■ **Task to carry out**
Every entry is to be transcribed as it stands. Images stay out.

■ **Data for this task**

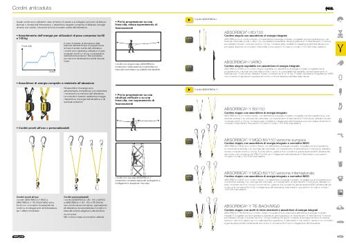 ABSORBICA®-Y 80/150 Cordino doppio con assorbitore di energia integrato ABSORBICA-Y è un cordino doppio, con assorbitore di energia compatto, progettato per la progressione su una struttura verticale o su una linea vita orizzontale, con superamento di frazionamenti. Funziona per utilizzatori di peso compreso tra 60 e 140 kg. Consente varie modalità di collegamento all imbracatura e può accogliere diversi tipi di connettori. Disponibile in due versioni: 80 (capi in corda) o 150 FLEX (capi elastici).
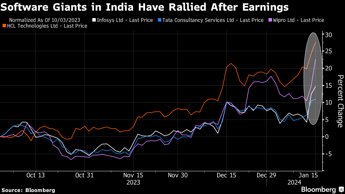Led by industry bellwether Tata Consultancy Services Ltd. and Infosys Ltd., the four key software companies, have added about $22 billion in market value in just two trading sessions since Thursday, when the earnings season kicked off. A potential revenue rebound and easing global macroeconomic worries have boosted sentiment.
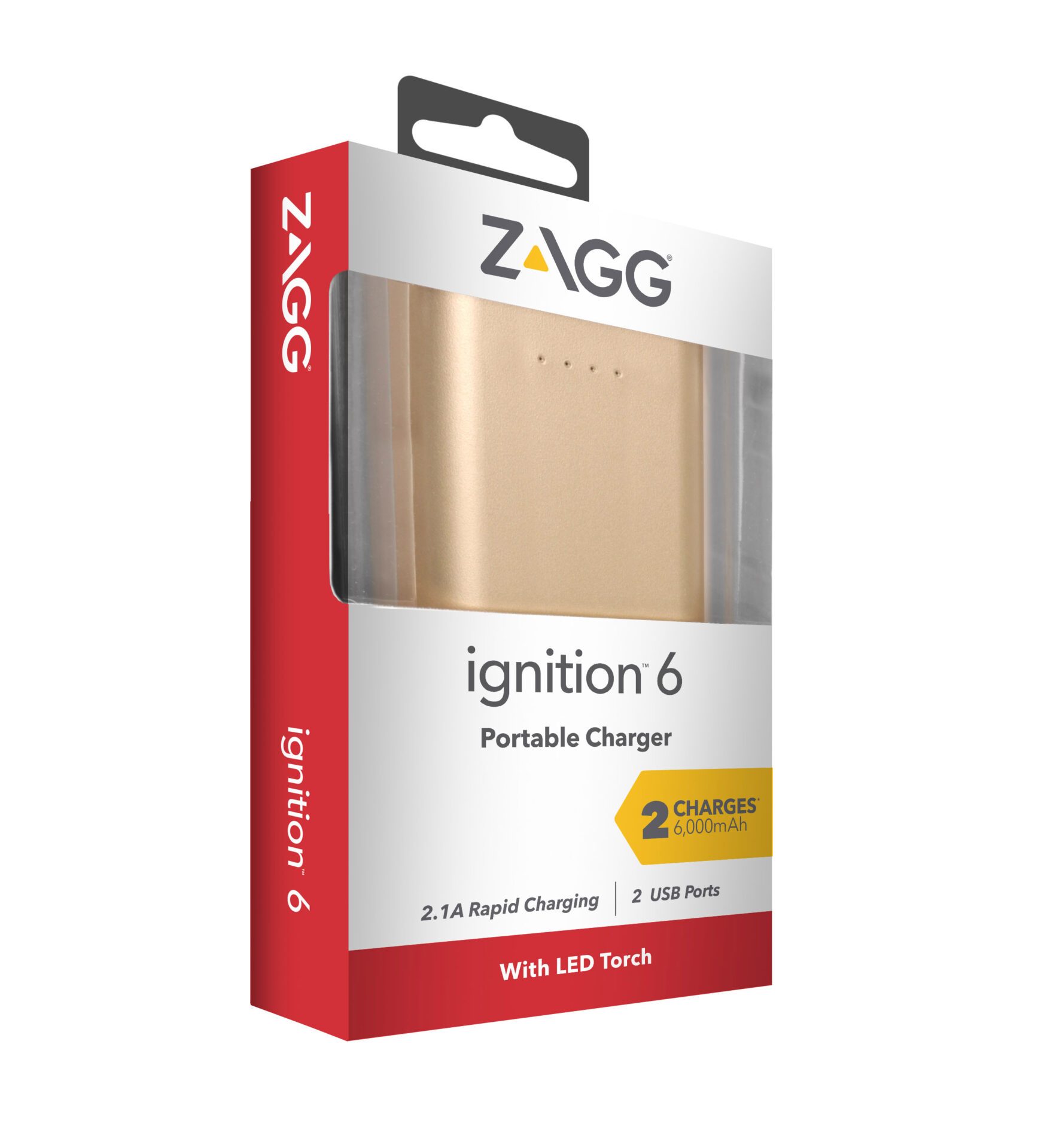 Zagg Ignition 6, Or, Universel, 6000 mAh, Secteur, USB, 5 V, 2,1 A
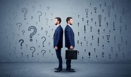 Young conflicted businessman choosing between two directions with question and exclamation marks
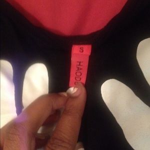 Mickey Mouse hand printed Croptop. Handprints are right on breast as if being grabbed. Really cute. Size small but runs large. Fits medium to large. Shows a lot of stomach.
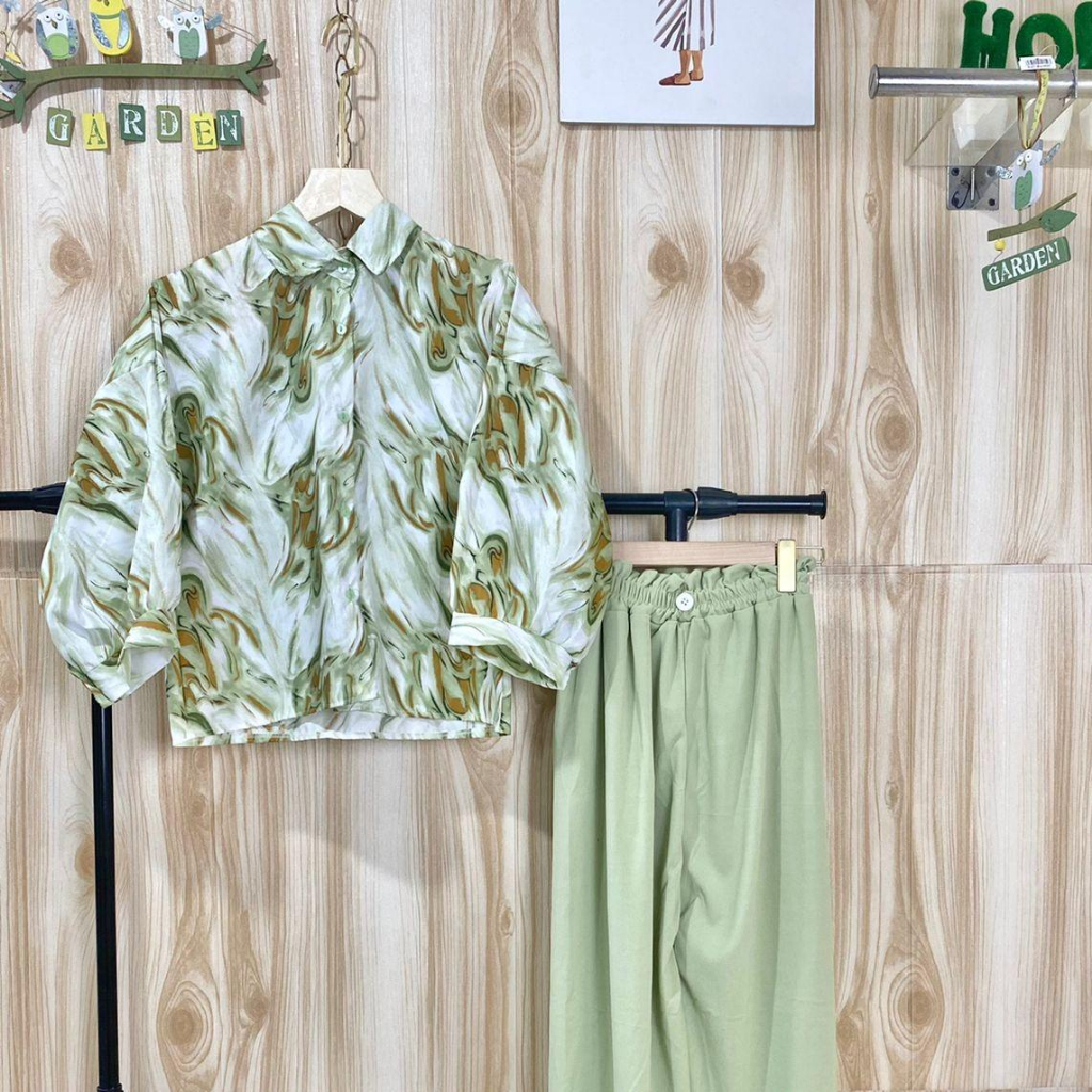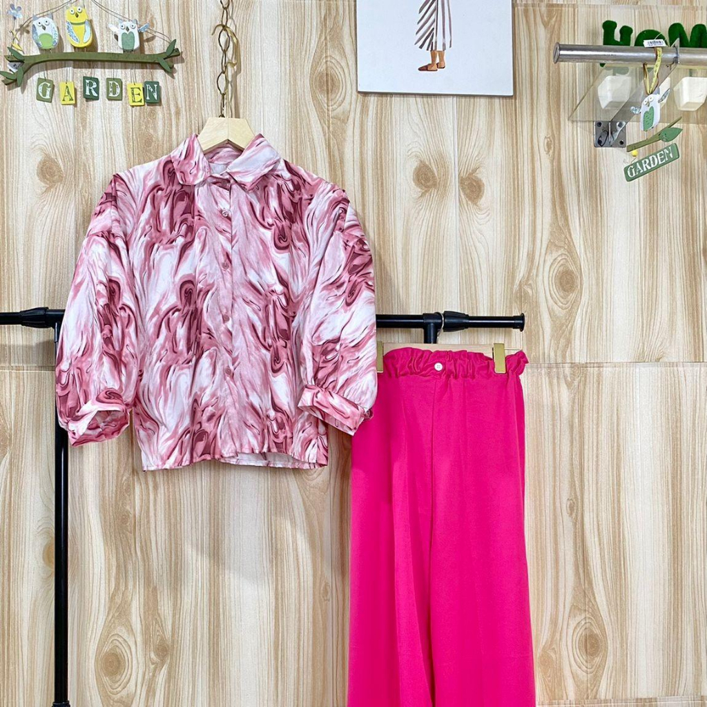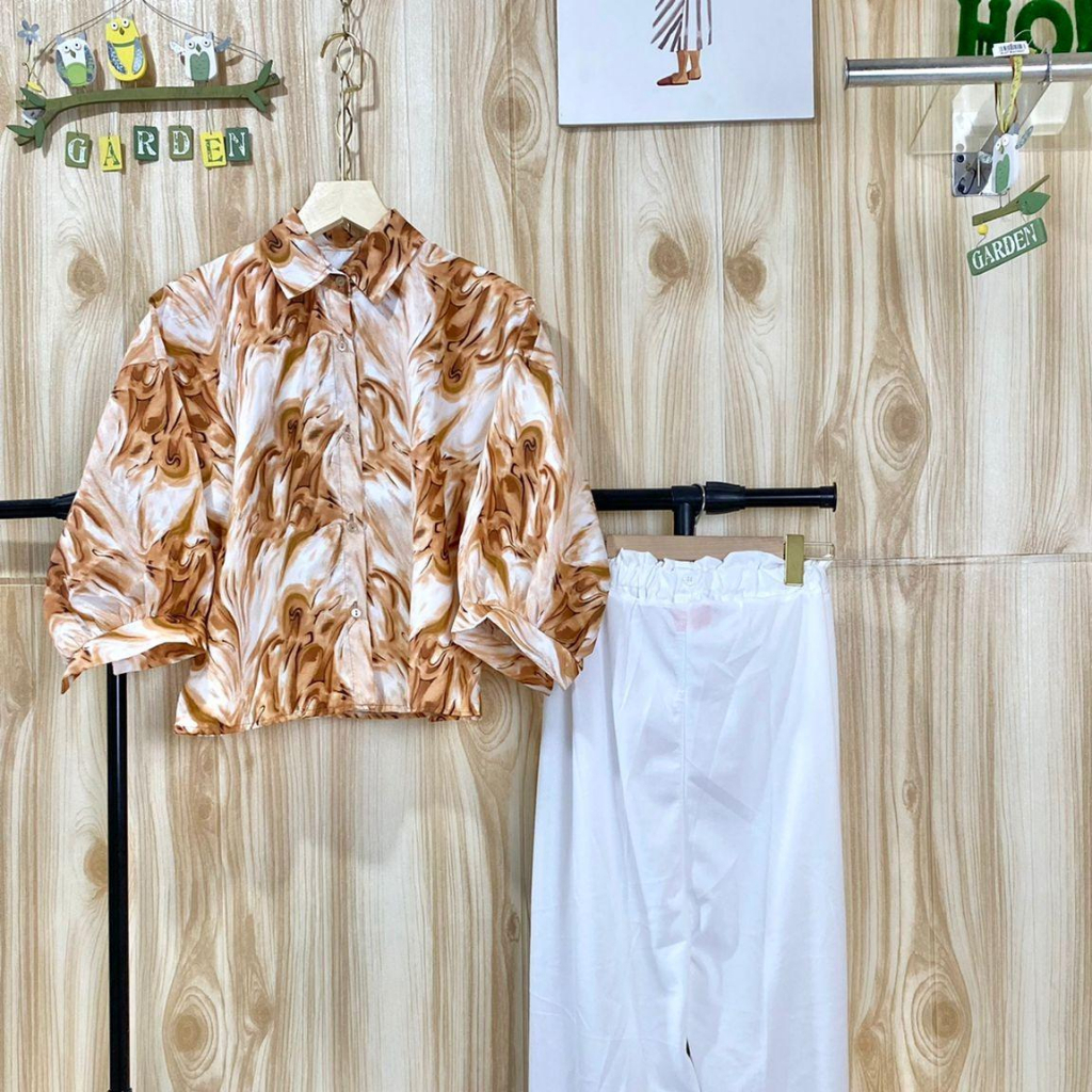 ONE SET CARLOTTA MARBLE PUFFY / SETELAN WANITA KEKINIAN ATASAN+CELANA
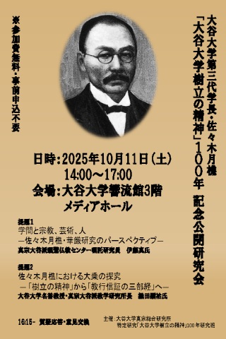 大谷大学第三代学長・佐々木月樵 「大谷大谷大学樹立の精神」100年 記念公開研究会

■ **Response below**
 ABSORBICA®-Y 80/150 Cordino doppio con assorbitore di energia integrato ABSORBICA-Y è un cordino doppio, con assorbitore di energia compatto, progettato per la progressione su una struttura verticale o su una linea vita orizzontale, con superamento di frazionamenti. Funziona per utilizzatori di peso compreso tra 60 e 140 kg. Consente varie modalità di collegamento all imbracatura e può accogliere diversi tipi di connettori. Disponibile in due versioni: 80 (capi in corda) o 150 FLEX (capi elastici).
Led by industry bellwether Tata Consultancy Services Ltd. and Infosys Ltd., the four key software companies, have added about $22 billion in market value in just two trading sessions since Thursday, when the earnings season kicked off. A potential revenue rebound and easing global macroeconomic worries have boosted sentiment.
 Zagg Ignition 6, Or, Universel, 6000 mAh, Secteur, USB, 5 V, 2,1 A
 Young conflicted businessman choosing between two directions with question and exclamation marks
 Mickey Mouse hand printed Croptop. Handprints are right on breast as if being grabbed. Really cute. Size small but runs large. Fits medium to large. Shows a lot of stomach.
 ONE SET CARLOTTA MARBLE PUFFY / SETELAN WANITA KEKINIAN ATASAN+CELANA
 大谷大学第三代学長・佐々木月樵 「大谷大谷大学樹立の精神」100年 記念公開研究会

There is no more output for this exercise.